In Aten v. Tobias, 114 Kan. 646, 220 Pac. 196, the action was brought to contest a will and to construe certain provisions of it. Certain children of the testator who were made defendants, but made no answer, were willing that judgment should go for plaintiffs. The action resulted in a judgment for defendants. This court said:

“There is one matter, however, that should be corrected. The four defendants, Edwin, Katie, Valentine and Emma, seem to have been quite content that plaintiffs should prevail in this lawsuit except as to the personal estate, since they made default. Indeed, in a real sense, the action so far as the real estate was concerned was designed to free all the lands of Cyrus from any and all restrictions and limited devises and to expand into allodial fee the interests of the two plaintiffs and these four defendants; and the principal losers if plaintiffs had prevailed would have been the. children of these six litigants. Whether Valentine’s gain as a partitioning heir of Susan would have equalled his loss as a life cotenant in all the lands of Cyrus is not clear. The trust estate is amply able to pay these costs; the executor asked for a construction of the will; and if the costs are charged to the trust estate the grandchildren’s interests will not be diminished or affected thereby. The burden of this litigation should fall upon the two plaintiffs who lose the lawsuit and upon the four defendants who, by their default, were willing that plaintiffs should prevail. For convenience such costs may be paid by the executor, at his discretion, and charged to the account of the six beneficiaries of the trust estate. (Singer v. Taylor, 90 Kan. 285, 133 Pac. 841; 91 Kan. 190, 137 Pac. 931; Chapman v. Kennett, 94 Kan. 535, 146 Pac. 1153.) Otherwise, the costs should be taxed proportionally to the defeated plaintiffs and to the individual defendants who made default.” (p. 659.)
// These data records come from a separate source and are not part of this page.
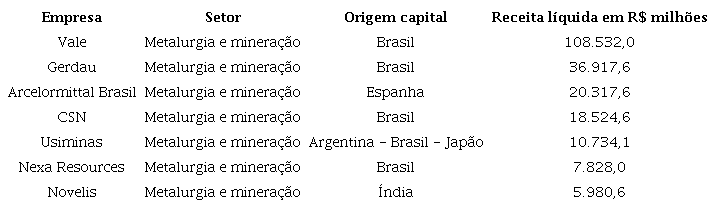 Foram estudadas as maiores empresas das indústrias metalúrgica e de mineração do Brasil. As empresas selecionadas, dispostas na Tabela 1, estão presentes na lista das 100 maiores empresas do Brasil, com base na receita líquida do setor, em 2017, como publicado no ranking Valor (2018). Foram selecionadas as empresas: Vale; Gerdau; Arcelormittal Brasil; CSN; Usiminas; Nexa Resources; e Novelis. Os dados foram coletados nos websites das empresas, entre os meses de abril e maio de 2019.
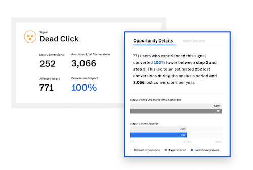 For years, website, app, and software builders have relied on product analytics to guide them to success. Digital Experience Intelligence tools like FullStory are all that and more. Customize the dashboards you need to track success metrics, and then layer on FullStory’s long list of additional capabilities to watch your users interact with your product, detect points of friction, and prioritize fixes to build a more perfect digital experience.
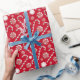Söta röda och vita godisrandor med stjärnljuspepparmint skapar ett julmönster på en röd julbakgrund. Det perfekta festliga inslaget för alla dina speciella presenter.

In the case we are considering the trust estate is amply able to pay attorney fees. It was necessary that'there be attorneys to present to the court the opposite side from that presented by the *304trustees, and it is not equitable that these beneficiaries should be compelled to pay this fee out of their personal assets. It will be noted that in both the above-cited cases this court held that attorney fees should be allowed and taxed as costs against the estate for equitable reasons, not simply because they were actions to construe or to contest a will.
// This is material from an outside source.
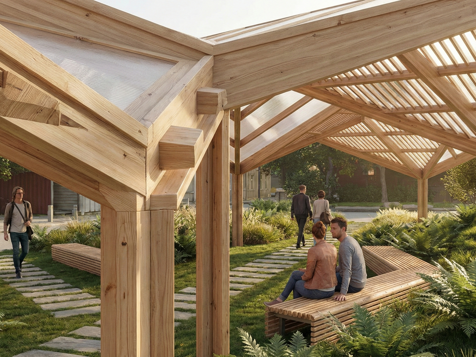 Forslaget er en forenklet trekonstruksjon med mye potensial som offentlig møterom, mener Radi og Englund. De syntes den føltes litt som en lekeplass for voksne (i best mulig tolkning).Den er åpen og luftig, men mangler fortsatt noe som gjør den unik.
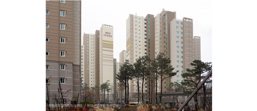 주변 공간과 아파트의 강조색에 적절히 녹아듭니다.

Coleman v. Shoemaker, 147 Kan. 689, 78 P. 2d 905, was a case where the daughter of a testator brought an action against the executor of her father’s estate and her three children asking for a construction of her father’s will. Judgment was given against her contentions. It had been necessary to appoint a guardian ad litem for two of the minors. The trial court allowed each of them a fee and ordered it to be paid out of the corpus of the estate. The plaintiff objected to this, and this court said:

"The trial court allowed each of the two guardians ad litem a fee of $250, to be paid, together with the costs in the trial court, out of the corpus of the estate. Appellant objects to this order, especially as to the fund from which it was ordered to be taken. This is purely a matter of discretion, and we think for the best interests of all concerned that it was a very wise choice.” (p. 696.)

(See, also, Weichold v. Day, 147 Kan. 367, 76 P. 2d 784.)

We have concluded that the trial court had the authority and it was its duty to fix a reasonable fee for the attorneys of appellants and to tax it as costs in the case to be paid out of the trust estate. We shall not fix the amount of the fee because the trial court is familiar with the amount of work done by the attorneys and it is the duty of that court to fix such a fee, and we shall assume that it will fix a reasonable fee.

A statement is made in the brief of the appellants that this court should fix a fee for the attorneys for appellant for their services in this court on this appeal. No application has been made for such an allowance and the matter will not be passed on until such an application is made.

The judgment of the trial court is reversed with instructions to proceed in accordance with the views herein expressed.